• **WHAT YOU WILL DO**
The records below should be printed once more, exactly as they appear.

(INPUT RECORDS Opens)

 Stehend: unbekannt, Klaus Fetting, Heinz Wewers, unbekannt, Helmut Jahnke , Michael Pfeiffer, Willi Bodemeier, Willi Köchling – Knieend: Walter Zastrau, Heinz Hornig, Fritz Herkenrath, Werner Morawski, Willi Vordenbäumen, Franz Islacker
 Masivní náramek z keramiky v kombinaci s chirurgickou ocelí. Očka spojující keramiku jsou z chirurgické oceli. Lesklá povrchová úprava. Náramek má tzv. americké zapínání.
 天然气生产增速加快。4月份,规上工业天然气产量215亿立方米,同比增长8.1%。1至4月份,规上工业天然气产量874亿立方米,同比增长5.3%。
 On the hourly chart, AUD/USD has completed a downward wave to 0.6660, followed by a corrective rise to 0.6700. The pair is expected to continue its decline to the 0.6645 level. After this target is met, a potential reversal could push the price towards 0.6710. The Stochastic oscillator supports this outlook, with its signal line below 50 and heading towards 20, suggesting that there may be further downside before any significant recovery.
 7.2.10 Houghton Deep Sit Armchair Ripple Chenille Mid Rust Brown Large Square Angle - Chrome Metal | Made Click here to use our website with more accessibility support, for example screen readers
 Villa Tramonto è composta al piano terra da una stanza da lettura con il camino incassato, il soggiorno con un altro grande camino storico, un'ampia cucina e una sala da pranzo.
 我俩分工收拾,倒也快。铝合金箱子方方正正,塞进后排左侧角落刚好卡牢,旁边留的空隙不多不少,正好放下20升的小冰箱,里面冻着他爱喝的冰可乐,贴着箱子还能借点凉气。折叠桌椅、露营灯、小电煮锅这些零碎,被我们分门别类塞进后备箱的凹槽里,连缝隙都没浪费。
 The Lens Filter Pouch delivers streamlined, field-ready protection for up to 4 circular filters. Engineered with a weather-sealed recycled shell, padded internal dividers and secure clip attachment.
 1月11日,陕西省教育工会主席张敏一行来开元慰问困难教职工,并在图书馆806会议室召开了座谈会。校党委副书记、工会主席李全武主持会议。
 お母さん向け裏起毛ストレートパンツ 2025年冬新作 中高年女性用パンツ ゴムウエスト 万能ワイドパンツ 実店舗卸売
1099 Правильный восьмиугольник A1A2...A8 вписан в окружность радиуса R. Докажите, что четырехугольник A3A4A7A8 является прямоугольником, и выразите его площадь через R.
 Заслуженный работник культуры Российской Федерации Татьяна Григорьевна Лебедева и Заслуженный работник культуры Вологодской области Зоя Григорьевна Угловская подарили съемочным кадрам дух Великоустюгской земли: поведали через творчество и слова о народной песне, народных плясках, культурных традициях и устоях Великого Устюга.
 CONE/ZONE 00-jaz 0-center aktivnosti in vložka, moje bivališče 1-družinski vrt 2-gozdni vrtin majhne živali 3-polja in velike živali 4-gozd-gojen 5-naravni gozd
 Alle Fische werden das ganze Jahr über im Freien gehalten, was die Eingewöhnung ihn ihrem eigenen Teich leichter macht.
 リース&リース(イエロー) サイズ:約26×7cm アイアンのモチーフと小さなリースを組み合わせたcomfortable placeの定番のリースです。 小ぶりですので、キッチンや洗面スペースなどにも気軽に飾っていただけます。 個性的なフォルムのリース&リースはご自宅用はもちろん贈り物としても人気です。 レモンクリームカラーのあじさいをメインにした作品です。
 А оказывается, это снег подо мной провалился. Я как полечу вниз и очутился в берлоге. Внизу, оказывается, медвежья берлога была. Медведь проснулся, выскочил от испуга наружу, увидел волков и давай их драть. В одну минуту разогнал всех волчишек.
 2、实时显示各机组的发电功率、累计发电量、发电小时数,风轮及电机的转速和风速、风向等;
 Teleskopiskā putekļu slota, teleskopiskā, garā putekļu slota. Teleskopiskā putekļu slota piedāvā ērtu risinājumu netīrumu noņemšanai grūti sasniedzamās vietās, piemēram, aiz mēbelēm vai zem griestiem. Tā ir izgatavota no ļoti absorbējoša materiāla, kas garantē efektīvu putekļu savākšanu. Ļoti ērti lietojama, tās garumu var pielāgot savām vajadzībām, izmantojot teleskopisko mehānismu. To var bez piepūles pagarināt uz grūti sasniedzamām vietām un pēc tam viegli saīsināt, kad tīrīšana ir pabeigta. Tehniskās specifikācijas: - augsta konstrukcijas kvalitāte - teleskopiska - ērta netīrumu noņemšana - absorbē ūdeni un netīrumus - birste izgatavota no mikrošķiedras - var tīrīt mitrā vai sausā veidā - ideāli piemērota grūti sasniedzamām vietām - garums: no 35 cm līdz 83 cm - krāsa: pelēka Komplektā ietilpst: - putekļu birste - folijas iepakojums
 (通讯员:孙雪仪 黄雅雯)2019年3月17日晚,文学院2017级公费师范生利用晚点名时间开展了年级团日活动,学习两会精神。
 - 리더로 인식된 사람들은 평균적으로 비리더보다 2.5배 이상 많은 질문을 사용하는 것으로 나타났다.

(INPUT RECORDS Closes)

• **SOLUTION TO THE PROBLEM**
 Stehend: unbekannt, Klaus Fetting, Heinz Wewers, unbekannt, Helmut Jahnke , Michael Pfeiffer, Willi Bodemeier, Willi Köchling – Knieend: Walter Zastrau, Heinz Hornig, Fritz Herkenrath, Werner Morawski, Willi Vordenbäumen, Franz Islacker
 Masivní náramek z keramiky v kombinaci s chirurgickou ocelí. Očka spojující keramiku jsou z chirurgické oceli. Lesklá povrchová úprava. Náramek má tzv. americké zapínání.
 天然气生产增速加快。4月份,规上工业天然气产量215亿立方米,同比增长8.1%。1至4月份,规上工业天然气产量874亿立方米,同比增长5.3%。
 On the hourly chart, AUD/USD has completed a downward wave to 0.6660, followed by a corrective rise to 0.6700. The pair is expected to continue its decline to the 0.6645 level. After this target is met, a potential reversal could push the price towards 0.6710. The Stochastic oscillator supports this outlook, with its signal line below 50 and heading towards 20, suggesting that there may be further downside before any significant recovery.
 7.2.10 Houghton Deep Sit Armchair Ripple Chenille Mid Rust Brown Large Square Angle - Chrome Metal | Made Click here to use our website with more accessibility support, for example screen readers
 Villa Tramonto è composta al piano terra da una stanza da lettura con il camino incassato, il soggiorno con un altro grande camino storico, un'ampia cucina e una sala da pranzo.
 我俩分工收拾,倒也快。铝合金箱子方方正正,塞进后排左侧角落刚好卡牢,旁边留的空隙不多不少,正好放下20升的小冰箱,里面冻着他爱喝的冰可乐,贴着箱子还能借点凉气。折叠桌椅、露营灯、小电煮锅这些零碎,被我们分门别类塞进后备箱的凹槽里,连缝隙都没浪费。
 The Lens Filter Pouch delivers streamlined, field-ready protection for up to 4 circular filters. Engineered with a weather-sealed recycled shell, padded internal dividers and secure clip attachment.
 1月11日,陕西省教育工会主席张敏一行来开元慰问困难教职工,并在图书馆806会议室召开了座谈会。校党委副书记、工会主席李全武主持会议。
 お母さん向け裏起毛ストレートパンツ 2025年冬新作 中高年女性用パンツ ゴムウエスト 万能ワイドパンツ 実店舗卸売
1099 Правильный восьмиугольник A1A2...A8 вписан в окружность радиуса R. Докажите, что четырехугольник A3A4A7A8 является прямоугольником, и выразите его площадь через R.
 Заслуженный работник культуры Российской Федерации Татьяна Григорьевна Лебедева и Заслуженный работник культуры Вологодской области Зоя Григорьевна Угловская подарили съемочным кадрам дух Великоустюгской земли: поведали через творчество и слова о народной песне, народных плясках, культурных традициях и устоях Великого Устюга.
 CONE/ZONE 00-jaz 0-center aktivnosti in vložka, moje bivališče 1-družinski vrt 2-gozdni vrtin majhne živali 3-polja in velike živali 4-gozd-gojen 5-naravni gozd
 Alle Fische werden das ganze Jahr über im Freien gehalten, was die Eingewöhnung ihn ihrem eigenen Teich leichter macht.
 リース&リース(イエロー) サイズ:約26×7cm アイアンのモチーフと小さなリースを組み合わせたcomfortable placeの定番のリースです。 小ぶりですので、キッチンや洗面スペースなどにも気軽に飾っていただけます。 個性的なフォルムのリース&リースはご自宅用はもちろん贈り物としても人気です。 レモンクリームカラーのあじさいをメインにした作品です。
 А оказывается, это снег подо мной провалился. Я как полечу вниз и очутился в берлоге. Внизу, оказывается, медвежья берлога была. Медведь проснулся, выскочил от испуга наружу, увидел волков и давай их драть. В одну минуту разогнал всех волчишек.
 2、实时显示各机组的发电功率、累计发电量、发电小时数,风轮及电机的转速和风速、风向等;
 Teleskopiskā putekļu slota, teleskopiskā, garā putekļu slota. Teleskopiskā putekļu slota piedāvā ērtu risinājumu netīrumu noņemšanai grūti sasniedzamās vietās, piemēram, aiz mēbelēm vai zem griestiem. Tā ir izgatavota no ļoti absorbējoša materiāla, kas garantē efektīvu putekļu savākšanu. Ļoti ērti lietojama, tās garumu var pielāgot savām vajadzībām, izmantojot teleskopisko mehānismu. To var bez piepūles pagarināt uz grūti sasniedzamām vietām un pēc tam viegli saīsināt, kad tīrīšana ir pabeigta. Tehniskās specifikācijas: - augsta konstrukcijas kvalitāte - teleskopiska - ērta netīrumu noņemšana - absorbē ūdeni un netīrumus - birste izgatavota no mikrošķiedras - var tīrīt mitrā vai sausā veidā - ideāli piemērota grūti sasniedzamām vietām - garums: no 35 cm līdz 83 cm - krāsa: pelēka Komplektā ietilpst: - putekļu birste - folijas iepakojums
 (通讯员:孙雪仪 黄雅雯)2019年3月17日晚,文学院2017级公费师范生利用晚点名时间开展了年级团日活动,学习两会精神。
 - 리더로 인식된 사람들은 평균적으로 비리더보다 2.5배 이상 많은 질문을 사용하는 것으로 나타났다.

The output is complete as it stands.